8.1 A self is a subject and “(con)text” of an-“other” (self).
a. Every phenomenon is a subject/“(con)text.”¹⁵
9. To read is to decipher.
9.1 A reader is his or her decipherer, done through an-“other.”
a. A self is his or her craftsmen, done through an-“other.”
9.2 Books and people are mirrors.
a. A mirror is not meaningfully “a mirror” until a subject reflects on it.
b. (On reading books closely to know the author’s intent): No matter how closely you look in the mirror, you will only see yourself.¹⁶
c. (On reading many books): No matter how many mirrors you look in, you’ll always see the same person.
d. (On reading): It’s a waste of time to look in a mirror if you don’t know for whom you’re looking.¹⁷
e. Everything and everyone is a mirror to everything and everyone.
f. Everything and everyone is a book…
10. Nothing repeats.
10.1 I speak a sentence no one says.
a. Every writer writes a sentence no one says.
b. Every speaker speaks a sentence no one writes.
c. Every sentence is a once-in-a-mankind event.¹⁸
d.
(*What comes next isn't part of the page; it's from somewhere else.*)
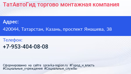 ТатАвтоГид, торгово-монтажная компания по адресу 420044, Татарстан, Казань, проспект Ямашева, 38 в дальнейшем Организация, размещена в следующих категориях:
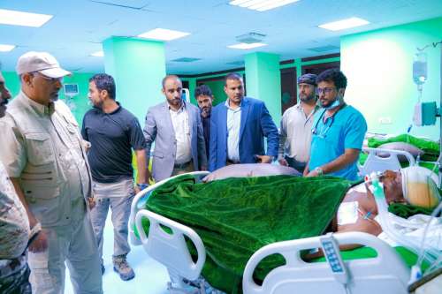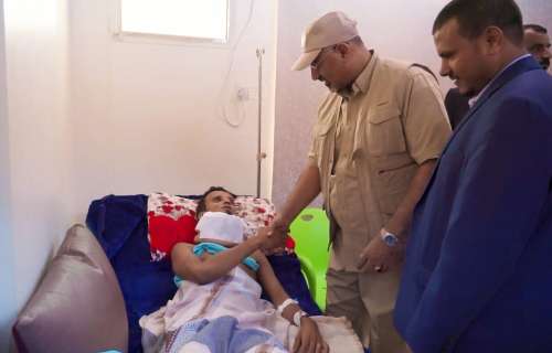 واطمأنّ الرئيس القائد خلال زياراته على الوضع الصحي للعميد الخضر حمصان قائد اللواء الثامن صاعقة الذي أصيب وهو يؤدي واجبه الوطني في مطاردة عناصر الإرهاب في وادي عومران شرق محافظة أبين، موجها بسرعة نقله إلى الخارج لاستكمال العلاج حال استقرار حالته الصحية.

Every word is a “once” (in-a-mankind-event).¹⁹
10.2 To read out-loud “cat” from the word “cat” is to leave something unsaid (mainly, the word on the page).
a. To speak is to leave something unsaid.
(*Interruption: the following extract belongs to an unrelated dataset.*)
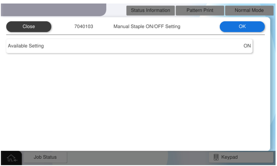- 选择[Manual Staple ON/OFF Setting](手动装订开/关设置)。

10.3 Every occurrence is a “once-ever” occurrence.²⁰
a. Every word is “one” insomuch as it is a “once.”
b. Every word is (a) “on(c)e.”
c. Every sentence is (a) “on(c)e.”
d. Every phenomenon is (a) “on(c)e.”
10.4 Every phenomenon is “universal” in being “particular” (in being (a) “on(c)e”).
a. Being is “universal/particular,” (a) “on(c)e-ness.”
10.5 The continual happening(s) of “once-ever” occurrences structure being (or “subject/‘(con)text’ ”-ness).
a. “Continual happening” is like “repetition” but distinct (since “nothing repeats”).
10.6 (A) being is (a) “on(c)e.”²¹
11. To be is to “differ” (while “reading” through on(c)e-ness).
a. Différance, a concept from Derrida, refers to how a word endless “defers” its meaning to other terms. If I ask, “What does ‘cat’ mean?” I may answer, “a feline,” which will probe the question “What does ‘feline’ mean?” and so on. Every word “defers” its meaning endlessly to other terms, never having a meaning in and of itself (but this doesn’t necessarily mean meaning doesn’t exist).²²
b. Like words, authority also “defers” to other authorities. The person with a Noble Prize has authority that “defers” to the authority of the Prize, which has authority that “defers” to the authority of the judges, who have authority that “defers” to the great writers who have claimed the Prize, who have authority that “defers” to the authority of the other great writers who claimed they were great writers, and so on. Authority différs. However, if we trust the authority, we escape the eternal regression of authority, but if we trust the authority, we might be deceived. If we don’t trust the authority, we’ll struggle to know what to read, what to believe in, etc. (and consequently might eternally regress, realizing nothing is stable, causing paralyzing uncertainty), but if we don’t trust, we won’t be deceived.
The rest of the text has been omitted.